Feature names (tokens): ['and' 'blue' 'cat' 'happy' 'mat' 'on' 'sat' 'the' 'was']
Numerical representation of documents:
[[0 0 1 0 1 1 1 2 0]
 [1 1 1 1 1 0 0 2 2]]


#### Applications of Bag of Words
- Bag of Words has numerous applications in NLP, including:
  - Text classification: Identifying the topic or sentiment of a document.
  - Document clustering: Grouping similar documents together.
  - Information retrieval: Ranking documents based on relevance to a query.

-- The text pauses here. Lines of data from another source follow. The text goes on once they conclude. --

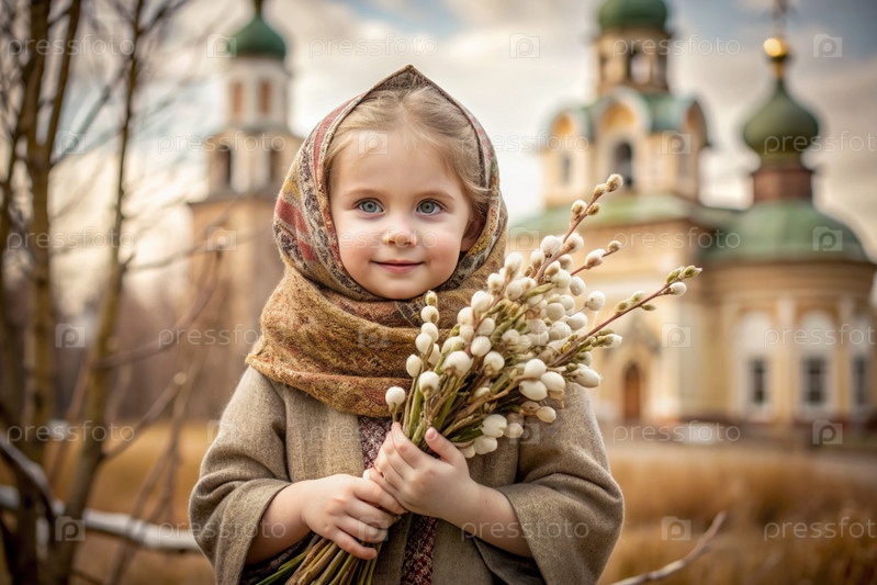Пальмовое воскресенье. христианство. портрет трехлетней девочки в русском народном шале с ветвями ивы в руках на фоне православной церкви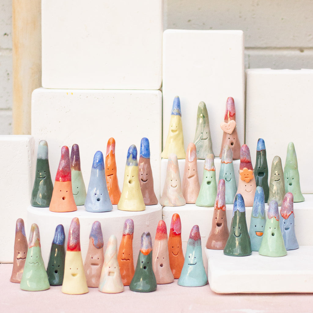 The Mountain series is a fun, bright, and character-filled collection of ceramic ring holders. This collection was developed as a way to minimise waste during the ceramic pottery process. Using leftover clay, shuh. created this series of playful pieces that can hold rings or serve as decorative objects.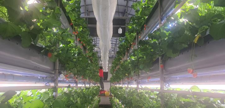 [뉴스서울] 논산시가 논산형 스마트팜의 일환으로 추진한 2023년 창고형 식물공장은 버섯재배사를 개조해 딸기 수직재배를 추진한 것으로 작년 3월 딸기 정식 후 올해 6월 현재까지 딸기를 생산하고 있다.

#### Important hyperparameters:
- `stop_words` : Does not take into consideration words that are not meaningful (is, the, a, ...)
- `max_features` : Some vocabularies can be massive, this can make things SLOW. Use this to make the process faster, at least when you set up the pipeline.
- `lowercase`: Convert all text to lowercase.

#### Remember
- Bag of Words is a powerful technique for converting text data into numerical representations.
- `CountVectorizer` in Python simplifies the implementation of Bag of Words.
- Understanding Bag of Words is essential for various NLP tasks, enabling efficient text analysis and feature extraction.